The configuration of the other nodes of the cluster is similar, with the exception of the AdvertiseClientAddress, AdvertisePeerAddress, AdvertiseRebalanceAddress and IngestAddress that all need to point to the current node’s IP address (reachable by the other nodes).

Bootstrapping

Because the Smart Gateway embeds Etcd, bootstrapping a new Smart Gateway cluster (or restarting an existing cluster from scratch) cannot be done by simply bringing all the instances up at the same time. First, a seed node must be started by running one Smart Gateway instance with the seed cluster operation; once it is operational the rest of the cluster can be started using the join cluster operation. When running cluster larger than 7 nodes, we recommend that additional nodes past 7 be started using the client cluster operation. This makes additional Smart Gateway instances simply connect to the existing Etcd cluster as clients instead of joining that cluster and its consensus operations.

Starting the seed node

Start the seed node by passing the appropriate command-line flag when starting the Smart Gateway:

$ ./smart-gateway --configfile gateway.conf --cluster-op seed

Alternatively, the same result can be achieved by setting the SFX_CLUSTER_OPERATION=seed environment variable when starting the Smart Gateway. This can be useful when running the Smart Gateway as a container.

Note

Once the seed node is started, it does not need to be restarted to join; it is already and correctly connected and a member of the cluster. Conversely, if this node needs to be restarted for some reason, it needs to be restarted with --cluster-op join so it rejoins the rest of the cluster instead of seeding a new cluster.

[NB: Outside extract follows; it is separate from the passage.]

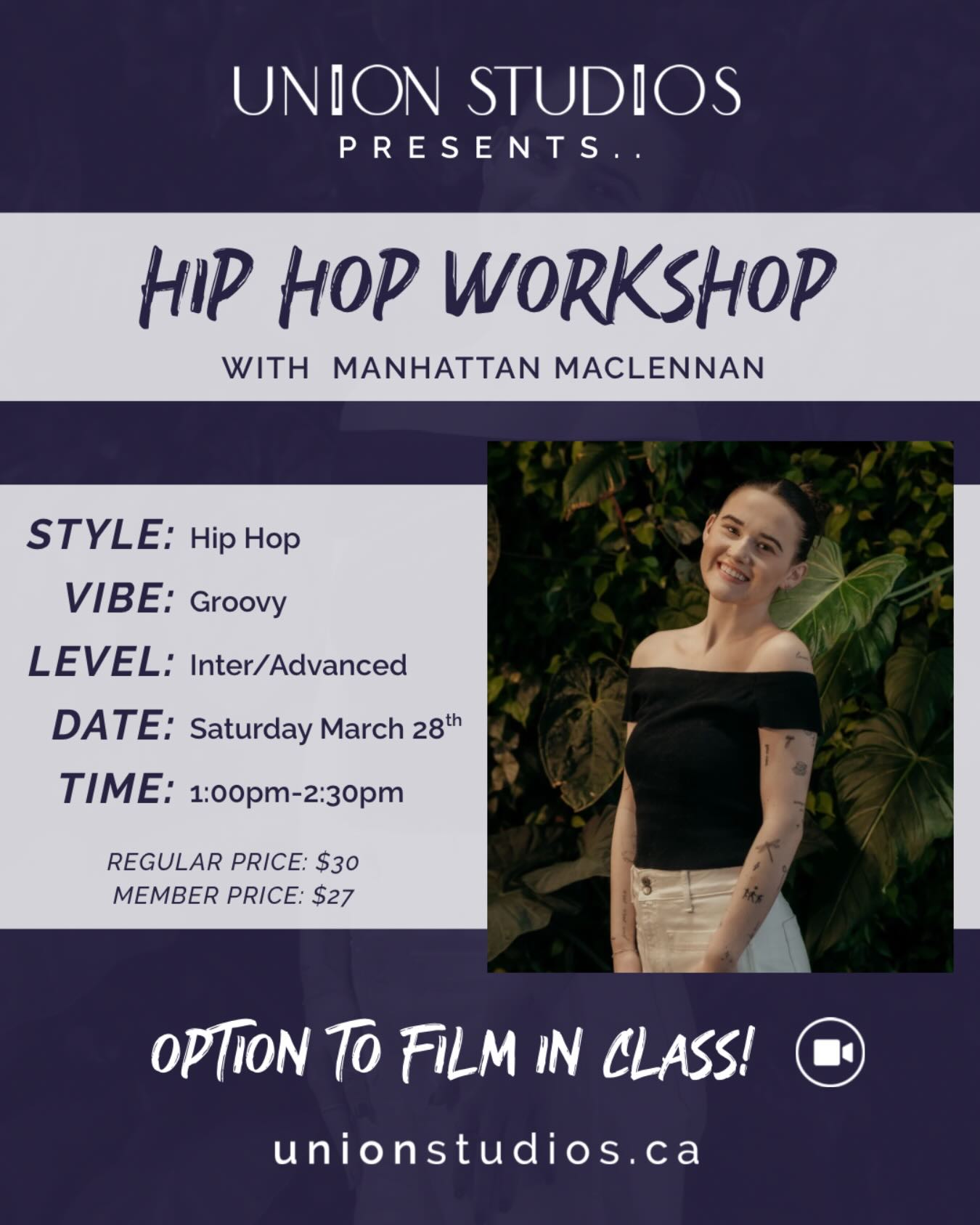 This intermediate/advanced hip hop workshop focuses on a dynamic combo while building performance and confidence in a fun, supportive space. We’ll wrap up the session with time to film so you can capture the choreography and have some fun with it.

Starting the rest of the cluster

First, verify that the first Smart Gateway instance is up by checking its health endpoint:

$ curl -s http://IP_OF_SGW_1:8080/healthz
OK

Then, start the remaining nodes, instructing them to join the cluster created by the seed node:

$ ./smart-gateway --configfile gateway.conf --cluster-op join

Once again, the same result can be achieved by setting the SFX_CLUSTER_OPERATION=join environment variable.

You can check that the cluster contains the members you expect by querying Etcd directly:

$ curl -s http://IP_OF_SGW_1:2379/v2/members
{
  "members": [
    {
        "id": "ff3eb1de3791519",
        "name": "smart-gateway-1",
        "clientURLs": [ "http://IP_OF_SGW_1:2379" ],
        "peerURLs": [ "http://IP_OF_SGW_1:2380" ]
    },
    {
        "id": "4f95f8065f774793",
        "name": "smart-gateway-2",
        "clientURLs": [ "http://IP_OF_SGW_2:2379" ],
        "peerURLs": [ "http://IP_OF_SGW_2:2380" ]
    },
    {
        "id": "df410f818d6c6227",
        "name": "smart-gateway-3",
        "clientURLs": [ "http://IP_OF_SGW_3:2379" ],
        "peerURLs": [ "http://IP_OF_SGW_3:2380" ]
    }
  ]
}

Cluster operations

Graceful instance shutdown

To avoid data loss, Smart Gateway instances should be gracefully terminated by sending the process a SIGTERM signal and waiting for the process to terminate. Upon receipt of this signal, the Smart Gateway implements a graceful shutdown procedure that ensures it correctly drains its incoming connections and buffers, and transfers to the rest of the cluster any in-flight trace spans that still need to be analyzed.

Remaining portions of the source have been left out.